CFTC Finalizes Rule Changes Affecting Fund Managers

On February 9, 2012, the Commodity Futures Trading Commission ("CFTC") issued a final rule that rescinds the exemption from CFTC registration for commodity pool operators ("CPOs"), which is currently provided in CFTC Rule 4.13(a)(4).  The CFTC also rescinded the relief provided in CFTC Rule 4.7(b)(3) under which the annual reports of certain commodity pools were not required to be certified; instituted a new requirement that CPOs and commodity trading advisers ("CTA") annually file notices claiming an exemption from registration; and imposed additional risk disclosure requirements upon CPOs and CTAs that engage in swap transactions.

 

Rescission of CPO Registration Exemption

CFTC Rule 4.13(a)(4) generally exempts from CFTC registration CPOs of funds whose natural person investors are "qualified eligible persons" ("QEPs") within the meaning of CFTC Rule 4.7(a)(2) (a category that includes "qualified purchaser" investors in funds offered pursuant to Section 3(c)(7) of the Investment Company Act of 1940) and whose non-natural person investors are either QEPs or "accredited investors" as defined under Regulation D of the Securities Act of 1933. The CFTC's rescission of the Rule will become effective 60 days after publication in the Federal Register. CPOs who have claimed the exemption (which includes the general partners of a large number of Section 3(c)(7) funds) and cannot avail themselves of any other exemption, must register with the CFTC by December 31, 2012. It should be noted that the CFTC proposed, during 2011, to amend the definition of "commodity interest" in CFTC Rule 1.3 to include swaps. If this proposal is adopted, CPOs of funds that engage in swaps activity also may be required to register with the CFTC unless another exemption applies.

 

Registration Lite for CPOs of 3(c)(7) Funds

CPOs of funds whose investors are all QEPs may be able to avail themselves of "registration lite" under CFTC Rule 4.7, which provides relief from certain disclosure and periodic reporting requirements applicable to registered CPOs. The CFTC is still considering possible exemptions from registration for family offices and foreign advisers that might be similar to the SEC registration exemptions for these types of advisers.

 

Continued Availability of "De Minimis" Exemption

The CFTC has not rescinded Rule 4.13(a)(3) which exempts from registration CPOs of funds that have "de minimis" futures activity (i.e., either: (1) the aggregate of the initial margin on futures positions and premiums on options on futures does not exceed five percent of the liquidation value of the fund's portfolio (including unrealized gains and losses); or (2) the aggregate notional value of such positions does not exceed 100 percent of the liquidation value of the fund's portfolio (including unrealized gains and losses)). Accordingly, general partners of funds that use futures, but only within the defined minimum amounts, can continue to use this exemption.

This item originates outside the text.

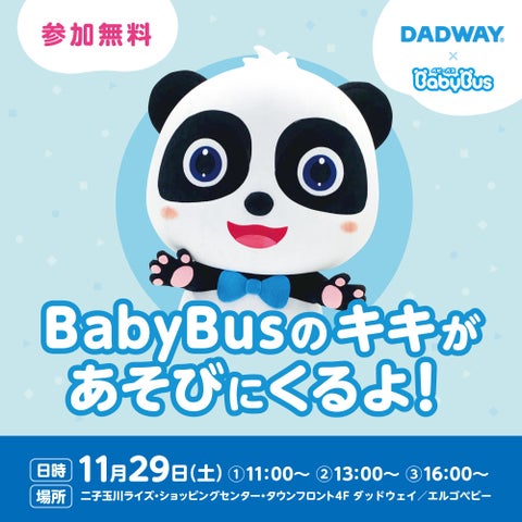2025年11月29日(土)には、BabyBusの人気キャラクター「キキ」がDADWAY/Ergobaby 二子玉川ライズ店に来店し、記念撮影などを楽しめるグリーティングイベントが開催されます。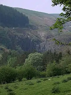 The River Twymyn flows from the 40-metre-high (130 ft) Ffrwd Fawr Waterfall at the head of the Pennant Valley at Dylife Gorge near Dylife.

General partners of funds that previously relied on 4.13(a)(4) who find that in practice their funds do not actually trade futures above the 4.13(a)(3) minimums could consider switching to the 4.13(a)(3) exemption. In its Adopting Release, the CFTC notes that swaps activity will count toward the de minimis thresholds for purposes of determining the applicability of this exemption.